第23話 ダンス

 その帰り道は、あまりにも静かだった。


 俺が先を歩き、その斜め後ろを彼女が距離を置きながら歩く。


 月明かりと街頭に照らされた住宅街の道は、足音だけがやけに重々しく響く。


 重たい首を必死に捻り何度か振り返ってみると、彼女は常に大粒の涙を流し、それを切らすことがなかった。


 永遠のような長い時間が過ぎて、ようやく家が見えると、彼女が口を開く。



「…………じゃ、じゃあ、明日には出て行くから。それまで待って」


 俺は返事を言葉にすることができずに、ゆっくりと首を縦に振った。


 家に入ると、彼女はすぐさま二階の自室へと向かった。


 俺は、汗びしゃびしゃのパジャマを着替える気になれなくて、そのままの格好で居間に仰向けに転がった。とにかく何にも考えられなくて、ひたすらに天井を見つめていた。


 十年近く見続けてきた、見慣れた木目の天井。

 

 この天井の下で、ある時までは生意気なおばあちゃんと楽しく過ごして、この1週間までは暖かくて優しいミルシアさんと過ごした。そして、これからはたった一人で過ごすことになる。


 でも、別れの恐怖、四年前の恐怖を考えれば、ここで関係性を断つのは間違っていない…………


 間違ってないはずなんだけど、俺の目には雫が溜まっていた。 


 俺は、その涙を拭うこともせず、取り止めのないことを考えていた。そして、そのうちに意識がなくなっていた。


* * *


 ガタゴトという二階からの物音で、俺は目を覚ます。


 床で寝たせいで体の至る所が痛くて、俺はゆっくりと起き上がる。


 なんでこんなところで寝たんだろうと、ぼやけながら周りを見ると、泥だらけのパジャマを見てハッとした。そして途端に悲しさが溢れてきて、胸が苦しくなる。


 そして、「明日出ていく」と言ったミルシアさんが気になって、思わず言葉は口をついた。


「ミルシアさんは??」


 もちろん「出ていけ」と言っているのは俺の方だし、彼女がいつ出ようが俺が気にすることではない、勝手な言葉だった。だけど、彼女にその言葉が聞こえたのか、そのとき居間のドアがガチャリと開き……

 

「あなたのお望みを叶えて私は出て行くんだからさ、もっと嬉しそうにしてよ!!」


 彼女は目を真っ赤にしながら、俺のことを睨んでいた。


 その声はこれまで聞いたことのないような、責め立てるような声をしていて、俺は思わず飛び起きた。でも、そう言われても、嬉しくなんてできるわけがなくて、俺は思わず顔を逸らした。


「私、もうそろそろ出ていくわ…………」


 声の端端には、微かな震えが混じっていて、彼女の顔はわずかに歪んでいた。俺はそんな顔を前に、言葉が出ずに、かろうじて首を縦に振る。

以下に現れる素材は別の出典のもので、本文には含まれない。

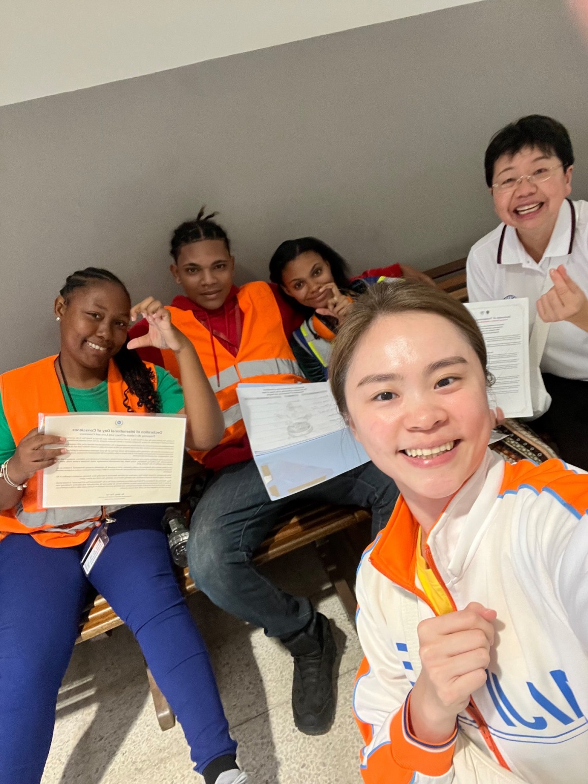 2024年她跟隨親訪團拜訪被金氏世界紀錄認證為全球最大學校、印度勒克瑙的「城市蒙特梭利學校」(CMS),參與「城市蒙特梭利學校」所舉辦的「全球首席大法官國際會議」,推動愛與和平、良心時代運動。她擔任青年論壇主持人並分享跨越國界創造愛與和平橋樑的觀點,與現場教師、學生交流,令她印象深刻。2025年跟隨親訪團拜訪「和平之國」汶萊,傳遞愛、和平與良心的善的訊息。

「でも、その前に一緒にダンスを踊ってくれないかしら……」


「だ、ダンス?」


「それくらいだめって言わないでね! この失恋は私の人生最大の失恋なんだから」


 彼女は語気は相変わらずきつくて、言い終わった後は、再び目に涙を浮かべた。


「あれ、ごめんね…… 一晩かけて涙は全部流し切ったはずなんだけど、まだ出てくるよ……不思議だね」


 彼女は涙声で笑った。 


「ダンスは向こうの世界でも盛んに行われていて、ふたりで手を取って行う共同作業だから二人の絆を深め合えるものなの……」


「今回はもうお別れなんだから、深める絆もないんだけど、それでも私の冥土の土産として、最後ダンスくらいさせてくれないかなって……」


「わ、わかった」


 もちろんダンスなんてしたことないし、踊れもしない。だけど、断ることなんてできなかった。

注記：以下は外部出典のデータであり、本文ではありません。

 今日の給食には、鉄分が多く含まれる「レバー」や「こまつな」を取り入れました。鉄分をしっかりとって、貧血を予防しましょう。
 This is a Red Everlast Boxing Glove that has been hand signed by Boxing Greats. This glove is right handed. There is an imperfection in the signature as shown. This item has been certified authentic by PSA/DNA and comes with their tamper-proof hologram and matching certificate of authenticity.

 俺は彼女に断りをいれ、体だけ拭いて着替えると彼女の部屋をノックする。


「入っていいよ」


 彼女を部屋に案内した日から、一度も足を踏み入れたことのない部屋のドアを開けると……


「物がない……」


 その時と全く変わらない姿で、部屋はあった。


「たった、数日住んだ部屋だったけどこれまでで一番素晴らしい場所だったわ。この部屋だけじゃなくて、この家も、この場所も周りの景色もそう。こんな平和でキラキラしていたことなんてなかった」


 彼女はどこか遠くを見るような目で、部屋を見渡した。


「私はこれからずっと遠くへ行くから。もう絶対ユートには会わないようなところに行くから。だって、それが望みなんでしょ?」


 俺はその問いに答えることができず、黙りこんでしまった。そして、目に溜まった何かを隠すように俯いて、彼女から目を逸らす。

 

「まあ、気を取り直して、ダンスをしましょう」


 少し重たくなった空気を切り替えるように、ミルシアさんは明るい声を出した。でもやっぱり、声によそよそしさが混じっていた。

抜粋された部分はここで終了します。